The wheels of the Mitsubishi crunched over smashed soda-pop cans. To the side of the wide expressway, the driver of a truck argued with a bleeding man who leaned against a smashed Volkswagen. The truck driver pointed to his spilled load of soda-pop cases, then shouted into the face of the injured man.
"The joys of the big city," Lyons commented to Vato.
Vato nodded. He leaned forward and spoke in Spanish to Coral. Then Vato turned to Lyons. "We will be there soon."
Coral had called associates from the Ochoa Gang and negotiated for the use of an auto-repair garage in the slums of Colonia Netzahualcoyotl. He had told them he needed a place to park two vans of contraband "from the north," videotape recorders and videocassettes of American and European pornography. The auto garage would allow the group to arrive and depart without being seen on the street.
Riding through the city, Lyons watched the unending urban sprawl float past. He began to doubt the wisdom of searching the Mexican capital for the headquarters of the International.

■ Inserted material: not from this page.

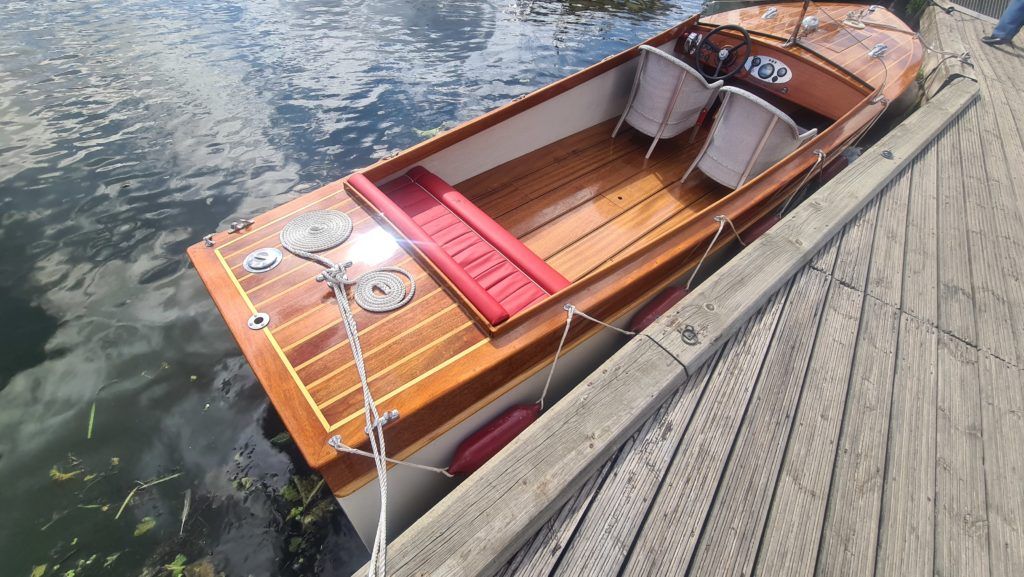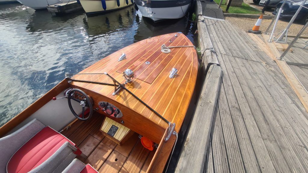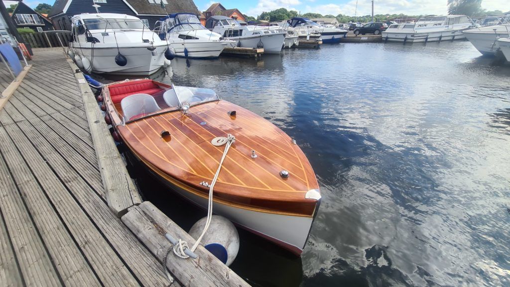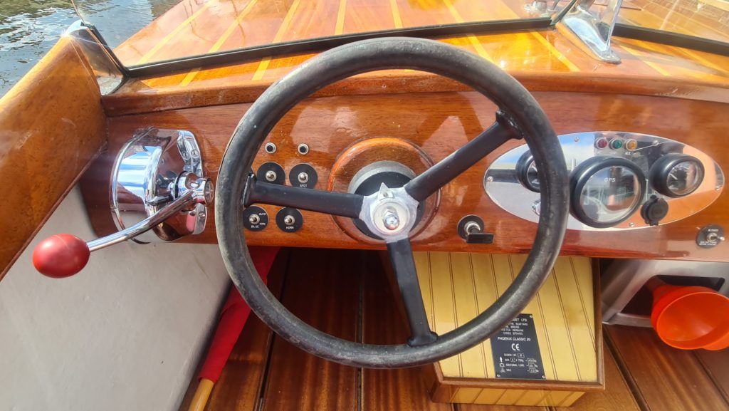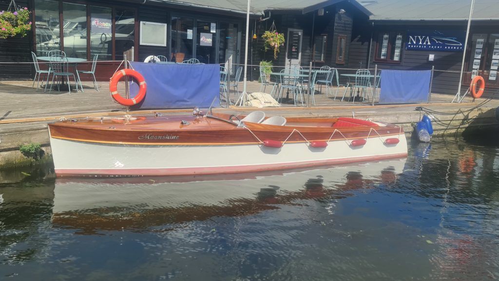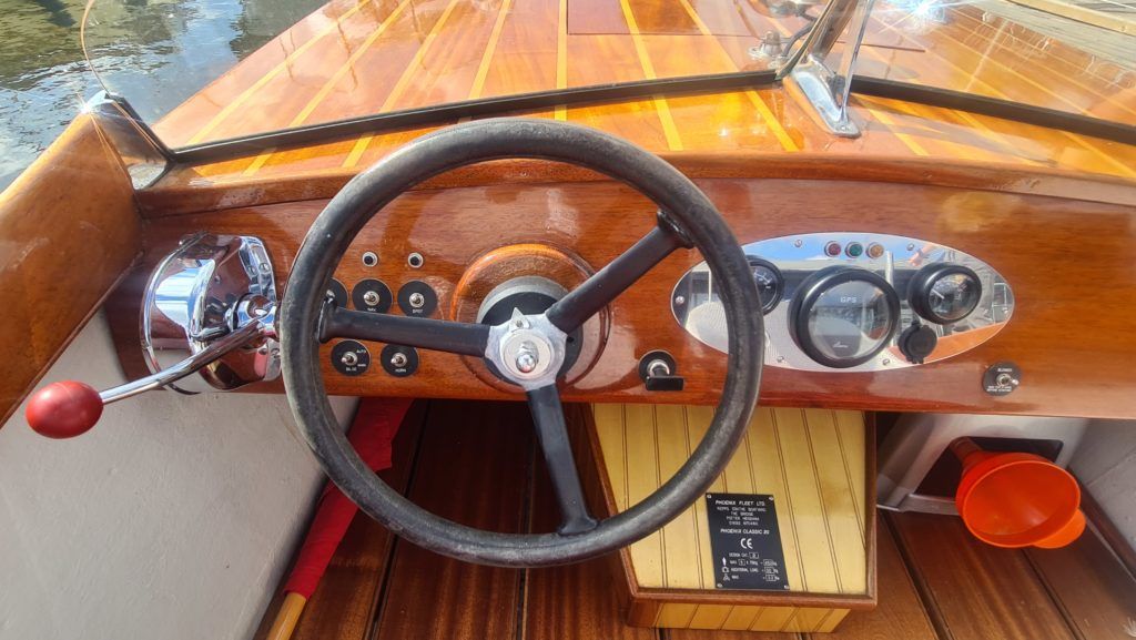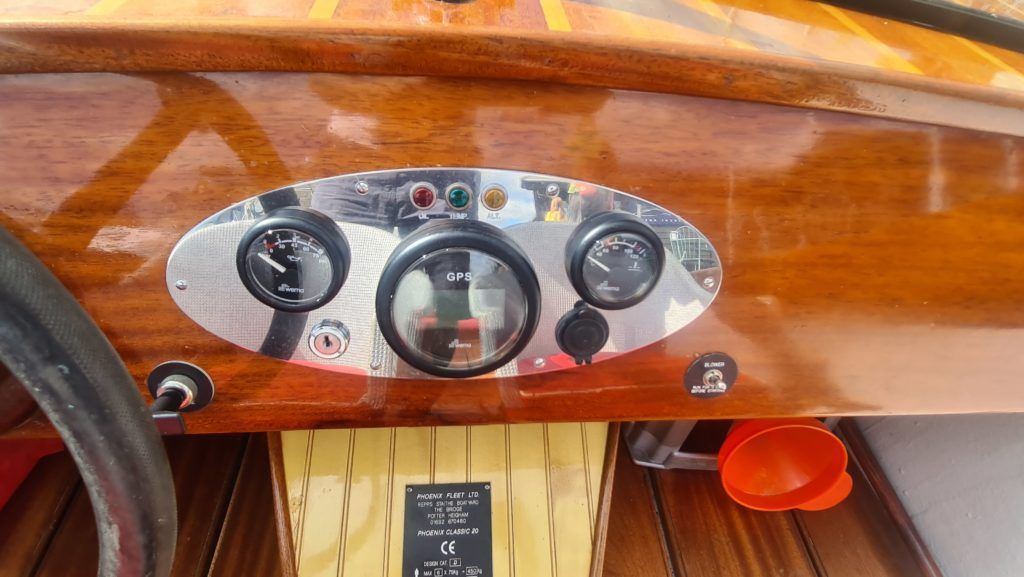 Phoenix Fleet Classic 20 Launch -2019 – Ford Watamotor 38 on shaft – Specification to include – Navigation lights, search light, GPS, mud weight, Boat Cover, engine serviced july 2022. Boat safety certificate until July 2023. A delightful modern gentleman’s launch full of character ideal for days exploring the broads with friends and family.

On maps, Mexico City looked like yet another of the world's largest cosmopolitan cities.
Back in the isolation of the Sierra Madre of Sonora, Lyons had thought they could search the city. After all, his partners spoke Spanish. They had Mexican allies. They had taken a fascist colonel prisoner. And Lyons himself had lived most of his life in the second largest Mexican city: Los Angeles, California.
As a detective with the Los Angeles Police Department, Lyons had operated in Mexican communities. He had searched for felons in the barrios of Los Angeles and he'd found the criminals. He expected to do the same in Mexico City.

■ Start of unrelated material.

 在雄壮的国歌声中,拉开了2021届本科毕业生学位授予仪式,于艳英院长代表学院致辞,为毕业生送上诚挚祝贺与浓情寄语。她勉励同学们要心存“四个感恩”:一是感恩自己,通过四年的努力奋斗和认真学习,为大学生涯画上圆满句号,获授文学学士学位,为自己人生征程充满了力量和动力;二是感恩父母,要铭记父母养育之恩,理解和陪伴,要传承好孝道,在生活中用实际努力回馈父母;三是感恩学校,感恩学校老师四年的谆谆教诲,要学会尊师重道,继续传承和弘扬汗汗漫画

But the street map of the city, mere lines and colors printed on paper, did not communicate the unimaginable scale of the capital of Mexico. Tourist guidebooks gave the population as fourteen million. Unofficially, the Mexican government estimated that at least eighteen million people lived in the metropolitan center and the satellite cities. In fact, the Mexican government did not know how many millions lived in the vast city.
But going there had avoided an assault on the stronghold of the International's forces in northwest Mexico. Los Guerreros Blancos and the corrupt International Group of the Mexican Army maintained an army with modern weapons and communications at Rancho Cortez.
An attack on a military base with a force of teenagers and out-of-work gangsters would have risked pointless death.
In contrast, a surprise attack on the Mexico City offices of the American Reich seemed cunning yet obvious.